The Droving (dir. George Popov, 2020)

It wouldn’t be much of a spooky season without folk horror, either, and this taut, intense offering delivers beautifully. A year ago, a young woman disappeared during the Winter Droving (a real-life festival that takes place in Penrith, Cumbria.) Now her brother, ex-soldier Martin (Daniel Oldroyd) is out to discover what happened to her.

I will admit I put off watching The Droving for a while because I thought I could predict exactly where the story was going to go. I was wrong: it goes somewhere very different, and much darker. The supernatural elements are very low-key – some have called it as much folk thriller as folk horror. Oldroyd, who’s on-screen in virtually every shot, owns the film with a performance of ever-growing intensity (there’s a scene in a bothy which still haunts me) and the film reaches a chilling climax during the Droving itself.

Ils (Them) (dir. David Moreau and Xavier Pelaud, 2006)

As Joseph Conrad wrote, the Devil is unnecessary because humankind on its own is capable of every kind of wickedness, and Ils – the only foreign-language film on this list – demonstrates that to perfection. Set in Romania, it revolves around a French couple (Olivia Bonamy and Michael Cohen) who are in the middle of renovating their newly-bought house when unseen intruders steal their car, stranding them in the middle of the unfamiliar countryside in the dead of night. They’re all alone in their big, isolated house – and then the intruders break in.

Ils isn’t a long film – barely an hour and ten minutes – but it gets to work very quickly, with an opening scene that ratchets up the tension without showing a drop of blood – and remains one of the most edge-of-the-seat psychological thrillers I’ve ever seen. Just make sure all the doors and windows are securely locked before watching, and you may want to stay up a while afterwards with all the lights on…

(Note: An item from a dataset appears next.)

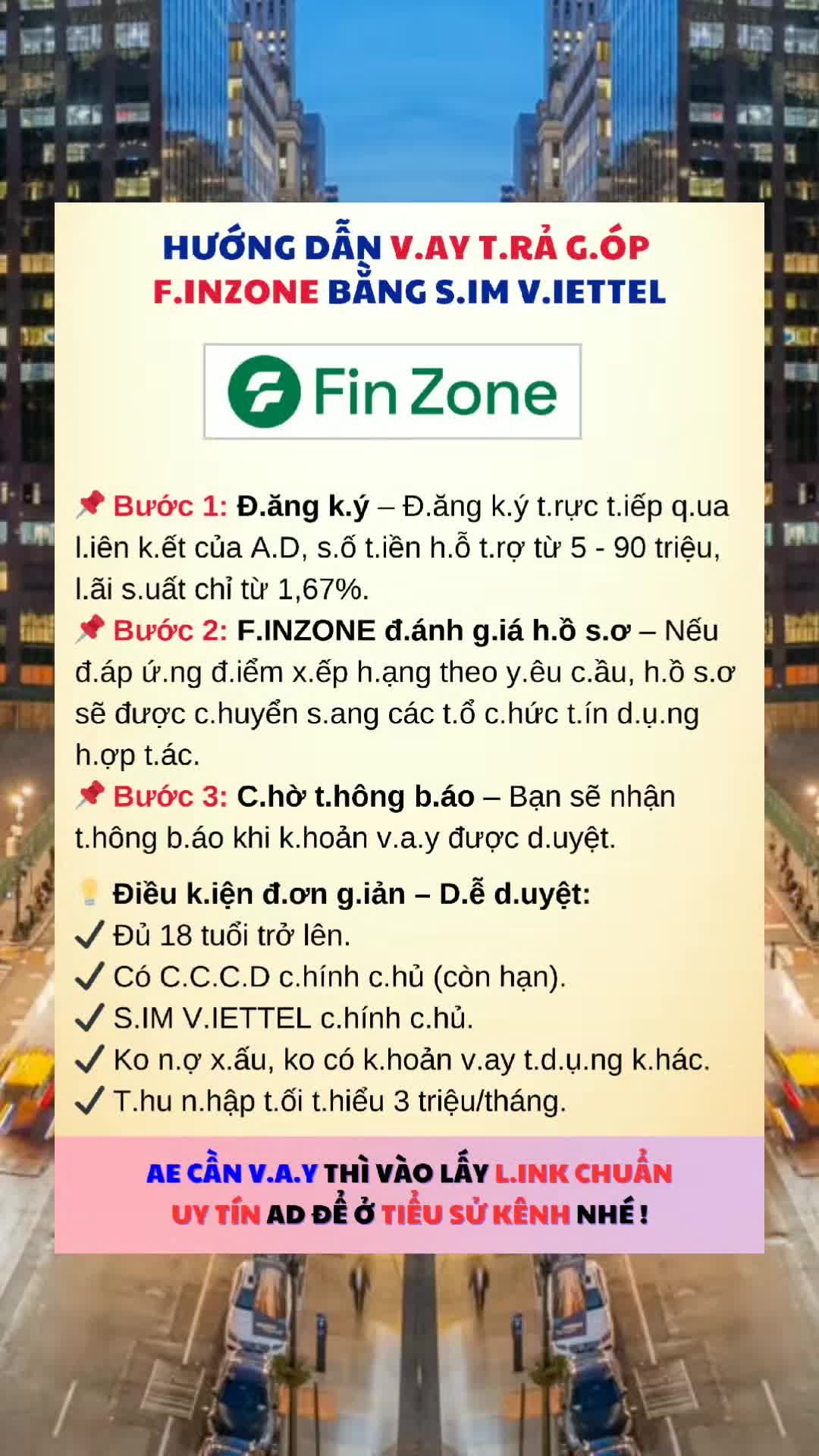 ในการยืม Finzone งวดด้วย Viettel Sim คุณต้องปฏิบัติตามเงื่อนไขดังต่อไปนี้:

The Ghoul (1975, dir. Freddie Francis)

Sometimes you want a classic, something from the days of Hammer and Amicus. If so, seek out this lesser-known gem starring the one and only Peter Cushing and a terrific supporting cast: Alexandra Bastedo, Veronica Carlson, Ian McCulloch, and – in one of his first film roles – an excellently creepy John Hurt. In 1920s England, four young flappers (the film was shot on sets left over from a production of The Great Gatsby) attempt to race to the coast, but one of the cars gets lost and runs out of petrol on a mist-ershrouded moor. Going for help, the young woman finds an old house, occupied by Dr Laurence (Cushing,) a man with a haunted past and a dark secret lurking in an upstairs room. What could easily have been a run-of-the-mill B-movie is elevated by the atmosphere and the performances. Cushing had recently lost his wife, making the grief that haunts his character so real it reduced members of the film crew to tears.